• [Assigned task]:
Word for word, restate the lines of the data from the first through the one containing "Dagger® es un", and nothing else.

====

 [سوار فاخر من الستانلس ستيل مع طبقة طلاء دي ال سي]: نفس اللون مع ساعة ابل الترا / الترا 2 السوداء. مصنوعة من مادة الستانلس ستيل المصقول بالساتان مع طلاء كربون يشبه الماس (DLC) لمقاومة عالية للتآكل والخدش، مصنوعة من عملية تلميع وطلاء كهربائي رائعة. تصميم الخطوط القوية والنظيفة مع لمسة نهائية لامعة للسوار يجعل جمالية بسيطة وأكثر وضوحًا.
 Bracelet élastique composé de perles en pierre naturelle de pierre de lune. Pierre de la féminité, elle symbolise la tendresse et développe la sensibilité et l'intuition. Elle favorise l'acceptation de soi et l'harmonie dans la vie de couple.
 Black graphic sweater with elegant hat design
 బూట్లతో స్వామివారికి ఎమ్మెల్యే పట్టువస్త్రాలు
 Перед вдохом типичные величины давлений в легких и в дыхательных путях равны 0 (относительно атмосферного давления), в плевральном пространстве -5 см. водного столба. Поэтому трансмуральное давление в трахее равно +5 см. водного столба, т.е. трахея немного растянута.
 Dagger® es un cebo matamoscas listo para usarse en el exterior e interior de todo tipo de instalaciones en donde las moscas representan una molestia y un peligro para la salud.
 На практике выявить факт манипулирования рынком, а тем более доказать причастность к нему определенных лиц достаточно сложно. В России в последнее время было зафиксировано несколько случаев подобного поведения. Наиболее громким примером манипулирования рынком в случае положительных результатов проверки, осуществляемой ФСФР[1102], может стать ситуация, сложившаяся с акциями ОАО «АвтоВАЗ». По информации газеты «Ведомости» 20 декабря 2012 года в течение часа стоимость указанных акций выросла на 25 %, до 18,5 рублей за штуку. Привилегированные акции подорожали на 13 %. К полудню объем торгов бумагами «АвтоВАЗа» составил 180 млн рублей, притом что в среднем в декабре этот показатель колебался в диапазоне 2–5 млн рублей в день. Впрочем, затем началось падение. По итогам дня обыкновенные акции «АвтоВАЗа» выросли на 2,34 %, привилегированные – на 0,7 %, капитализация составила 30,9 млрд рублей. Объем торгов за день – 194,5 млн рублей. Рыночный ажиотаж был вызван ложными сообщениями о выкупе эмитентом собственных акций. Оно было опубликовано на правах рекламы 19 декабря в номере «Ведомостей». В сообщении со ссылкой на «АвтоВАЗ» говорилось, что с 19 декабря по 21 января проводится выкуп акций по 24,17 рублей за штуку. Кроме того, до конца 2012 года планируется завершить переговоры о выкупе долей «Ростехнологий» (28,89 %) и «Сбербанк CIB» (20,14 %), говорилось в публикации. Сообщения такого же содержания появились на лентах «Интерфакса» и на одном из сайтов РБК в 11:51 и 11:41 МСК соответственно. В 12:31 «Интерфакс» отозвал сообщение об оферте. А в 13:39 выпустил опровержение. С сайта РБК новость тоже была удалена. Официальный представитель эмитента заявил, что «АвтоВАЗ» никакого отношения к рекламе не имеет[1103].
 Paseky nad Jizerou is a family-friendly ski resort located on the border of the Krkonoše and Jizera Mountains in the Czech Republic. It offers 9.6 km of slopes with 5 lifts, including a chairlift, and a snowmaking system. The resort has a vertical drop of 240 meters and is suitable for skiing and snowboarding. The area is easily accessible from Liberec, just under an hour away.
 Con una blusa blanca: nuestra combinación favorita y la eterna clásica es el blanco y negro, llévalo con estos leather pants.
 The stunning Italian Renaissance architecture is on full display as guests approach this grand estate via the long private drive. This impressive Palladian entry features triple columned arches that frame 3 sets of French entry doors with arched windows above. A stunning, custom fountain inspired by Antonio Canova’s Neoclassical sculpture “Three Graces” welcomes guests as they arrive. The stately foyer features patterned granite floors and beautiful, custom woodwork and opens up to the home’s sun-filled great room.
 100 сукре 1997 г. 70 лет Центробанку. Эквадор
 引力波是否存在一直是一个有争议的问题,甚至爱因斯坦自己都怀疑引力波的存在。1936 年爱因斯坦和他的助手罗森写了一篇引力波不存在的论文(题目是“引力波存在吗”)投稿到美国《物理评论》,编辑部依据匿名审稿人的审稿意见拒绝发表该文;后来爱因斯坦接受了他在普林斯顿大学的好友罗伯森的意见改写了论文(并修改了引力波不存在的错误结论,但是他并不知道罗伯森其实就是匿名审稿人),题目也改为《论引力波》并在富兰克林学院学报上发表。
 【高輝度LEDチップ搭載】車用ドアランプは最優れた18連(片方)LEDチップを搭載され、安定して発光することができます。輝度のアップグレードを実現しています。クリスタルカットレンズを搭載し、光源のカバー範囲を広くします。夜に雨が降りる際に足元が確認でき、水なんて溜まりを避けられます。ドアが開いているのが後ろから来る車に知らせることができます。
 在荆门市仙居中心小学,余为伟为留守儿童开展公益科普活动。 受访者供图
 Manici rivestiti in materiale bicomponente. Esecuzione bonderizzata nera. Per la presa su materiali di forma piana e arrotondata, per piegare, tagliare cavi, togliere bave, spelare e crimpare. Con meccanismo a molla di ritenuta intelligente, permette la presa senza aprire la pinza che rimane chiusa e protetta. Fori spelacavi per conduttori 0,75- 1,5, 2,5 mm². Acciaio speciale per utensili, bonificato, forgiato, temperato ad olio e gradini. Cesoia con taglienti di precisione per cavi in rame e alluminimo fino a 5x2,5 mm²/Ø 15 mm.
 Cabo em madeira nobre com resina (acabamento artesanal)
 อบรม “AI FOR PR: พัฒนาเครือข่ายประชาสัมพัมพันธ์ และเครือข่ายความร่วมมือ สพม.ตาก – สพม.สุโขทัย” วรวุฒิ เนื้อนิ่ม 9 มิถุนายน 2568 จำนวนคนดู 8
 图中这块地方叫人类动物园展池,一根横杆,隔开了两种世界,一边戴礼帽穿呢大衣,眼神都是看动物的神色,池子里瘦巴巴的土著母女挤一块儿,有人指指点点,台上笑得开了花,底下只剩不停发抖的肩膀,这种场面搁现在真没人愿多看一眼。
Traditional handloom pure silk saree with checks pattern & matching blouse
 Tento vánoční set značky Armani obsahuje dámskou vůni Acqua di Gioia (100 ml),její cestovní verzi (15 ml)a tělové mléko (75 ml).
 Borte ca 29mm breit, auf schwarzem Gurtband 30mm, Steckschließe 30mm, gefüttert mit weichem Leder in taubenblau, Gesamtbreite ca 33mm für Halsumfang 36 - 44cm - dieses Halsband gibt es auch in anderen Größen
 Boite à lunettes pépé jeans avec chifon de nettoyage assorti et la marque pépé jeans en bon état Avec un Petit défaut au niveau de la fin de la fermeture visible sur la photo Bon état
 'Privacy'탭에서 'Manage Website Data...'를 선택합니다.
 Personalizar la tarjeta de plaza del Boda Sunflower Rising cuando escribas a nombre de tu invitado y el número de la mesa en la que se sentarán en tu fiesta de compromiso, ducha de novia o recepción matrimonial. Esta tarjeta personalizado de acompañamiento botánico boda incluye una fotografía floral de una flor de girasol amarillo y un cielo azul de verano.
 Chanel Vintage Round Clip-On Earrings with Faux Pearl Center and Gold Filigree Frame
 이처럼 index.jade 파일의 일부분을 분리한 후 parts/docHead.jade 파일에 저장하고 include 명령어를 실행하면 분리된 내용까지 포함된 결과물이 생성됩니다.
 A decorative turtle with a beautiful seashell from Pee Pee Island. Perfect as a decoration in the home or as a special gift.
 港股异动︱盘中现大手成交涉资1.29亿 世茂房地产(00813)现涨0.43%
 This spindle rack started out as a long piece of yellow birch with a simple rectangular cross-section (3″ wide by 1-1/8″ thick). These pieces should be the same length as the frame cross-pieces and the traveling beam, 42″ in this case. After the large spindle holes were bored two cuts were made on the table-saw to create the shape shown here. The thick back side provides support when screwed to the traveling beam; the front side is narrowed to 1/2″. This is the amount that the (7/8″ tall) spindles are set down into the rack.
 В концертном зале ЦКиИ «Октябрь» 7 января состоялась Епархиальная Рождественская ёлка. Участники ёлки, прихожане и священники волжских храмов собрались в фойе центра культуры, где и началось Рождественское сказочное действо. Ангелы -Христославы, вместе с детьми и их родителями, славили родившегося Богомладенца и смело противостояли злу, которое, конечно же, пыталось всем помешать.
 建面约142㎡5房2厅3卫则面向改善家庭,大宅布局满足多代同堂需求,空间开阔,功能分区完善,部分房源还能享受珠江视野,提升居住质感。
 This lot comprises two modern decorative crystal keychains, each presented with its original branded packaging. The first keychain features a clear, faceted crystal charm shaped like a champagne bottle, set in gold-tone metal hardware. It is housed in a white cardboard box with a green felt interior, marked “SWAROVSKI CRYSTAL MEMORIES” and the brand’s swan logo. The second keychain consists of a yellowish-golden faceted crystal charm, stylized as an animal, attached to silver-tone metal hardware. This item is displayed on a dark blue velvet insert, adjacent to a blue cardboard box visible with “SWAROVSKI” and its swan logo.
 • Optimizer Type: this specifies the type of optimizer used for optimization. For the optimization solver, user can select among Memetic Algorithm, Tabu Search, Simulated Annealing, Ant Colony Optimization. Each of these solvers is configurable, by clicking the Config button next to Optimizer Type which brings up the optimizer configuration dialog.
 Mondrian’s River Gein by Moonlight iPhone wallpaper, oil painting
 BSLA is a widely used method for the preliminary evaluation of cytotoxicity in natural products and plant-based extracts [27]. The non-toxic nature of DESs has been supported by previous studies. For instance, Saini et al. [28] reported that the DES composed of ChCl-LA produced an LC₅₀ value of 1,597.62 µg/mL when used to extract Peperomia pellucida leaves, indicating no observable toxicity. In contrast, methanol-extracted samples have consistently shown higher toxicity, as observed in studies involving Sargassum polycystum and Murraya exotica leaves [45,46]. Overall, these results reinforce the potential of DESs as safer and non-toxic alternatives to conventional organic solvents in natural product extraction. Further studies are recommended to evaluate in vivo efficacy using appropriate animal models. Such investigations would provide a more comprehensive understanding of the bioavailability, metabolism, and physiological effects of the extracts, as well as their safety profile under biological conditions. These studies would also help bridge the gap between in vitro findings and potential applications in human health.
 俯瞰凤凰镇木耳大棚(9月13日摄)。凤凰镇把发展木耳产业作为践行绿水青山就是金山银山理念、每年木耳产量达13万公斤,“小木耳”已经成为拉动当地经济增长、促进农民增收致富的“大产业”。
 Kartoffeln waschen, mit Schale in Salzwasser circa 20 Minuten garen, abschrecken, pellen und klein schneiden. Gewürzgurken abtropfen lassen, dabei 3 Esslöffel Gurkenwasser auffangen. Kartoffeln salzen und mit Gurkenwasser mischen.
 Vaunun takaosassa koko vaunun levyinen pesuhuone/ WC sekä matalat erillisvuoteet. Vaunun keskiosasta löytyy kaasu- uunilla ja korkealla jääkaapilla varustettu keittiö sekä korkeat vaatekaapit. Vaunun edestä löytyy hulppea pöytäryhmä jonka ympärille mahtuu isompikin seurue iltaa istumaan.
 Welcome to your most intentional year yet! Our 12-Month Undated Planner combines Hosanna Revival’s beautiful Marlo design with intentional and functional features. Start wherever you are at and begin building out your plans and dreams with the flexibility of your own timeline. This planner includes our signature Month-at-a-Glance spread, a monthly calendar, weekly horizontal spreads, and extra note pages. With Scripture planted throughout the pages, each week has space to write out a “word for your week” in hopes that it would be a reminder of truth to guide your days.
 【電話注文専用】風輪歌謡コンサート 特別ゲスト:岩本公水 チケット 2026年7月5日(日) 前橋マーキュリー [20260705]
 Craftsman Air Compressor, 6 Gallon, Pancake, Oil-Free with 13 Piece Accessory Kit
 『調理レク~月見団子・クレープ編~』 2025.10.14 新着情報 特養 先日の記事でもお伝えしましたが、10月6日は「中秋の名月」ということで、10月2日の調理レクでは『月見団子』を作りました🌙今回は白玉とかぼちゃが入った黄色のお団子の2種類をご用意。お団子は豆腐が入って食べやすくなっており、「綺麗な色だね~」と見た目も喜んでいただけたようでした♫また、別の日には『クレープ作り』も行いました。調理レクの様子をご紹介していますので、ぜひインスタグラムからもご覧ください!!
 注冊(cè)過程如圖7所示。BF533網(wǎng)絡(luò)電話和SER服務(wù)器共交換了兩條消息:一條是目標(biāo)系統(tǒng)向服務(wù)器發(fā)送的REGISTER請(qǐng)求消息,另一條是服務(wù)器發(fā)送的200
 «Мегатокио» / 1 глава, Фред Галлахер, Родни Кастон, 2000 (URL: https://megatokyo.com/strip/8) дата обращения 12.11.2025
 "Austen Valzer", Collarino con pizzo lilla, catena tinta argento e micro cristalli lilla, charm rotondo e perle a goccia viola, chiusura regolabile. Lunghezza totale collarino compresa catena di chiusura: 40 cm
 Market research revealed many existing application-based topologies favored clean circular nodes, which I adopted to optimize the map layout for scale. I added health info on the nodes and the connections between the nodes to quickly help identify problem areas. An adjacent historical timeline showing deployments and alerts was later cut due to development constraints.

====

• [Response]:
 [سوار فاخر من الستانلس ستيل مع طبقة طلاء دي ال سي]: نفس اللون مع ساعة ابل الترا / الترا 2 السوداء. مصنوعة من مادة الستانلس ستيل المصقول بالساتان مع طلاء كربون يشبه الماس (DLC) لمقاومة عالية للتآكل والخدش، مصنوعة من عملية تلميع وطلاء كهربائي رائعة. تصميم الخطوط القوية والنظيفة مع لمسة نهائية لامعة للسوار يجعل جمالية بسيطة وأكثر وضوحًا.
 Bracelet élastique composé de perles en pierre naturelle de pierre de lune. Pierre de la féminité, elle symbolise la tendresse et développe la sensibilité et l'intuition. Elle favorise l'acceptation de soi et l'harmonie dans la vie de couple.
 Black graphic sweater with elegant hat design
 బూట్లతో స్వామివారికి ఎమ్మెల్యే పట్టువస్త్రాలు
 Перед вдохом типичные величины давлений в легких и в дыхательных путях равны 0 (относительно атмосферного давления), в плевральном пространстве -5 см. водного столба. Поэтому трансмуральное давление в трахее равно +5 см. водного столба, т.е. трахея немного растянута.
 Dagger® es un cebo matamoscas listo para usarse en el exterior e interior de todo tipo de instalaciones en donde las moscas representan una molestia y un peligro para la salud.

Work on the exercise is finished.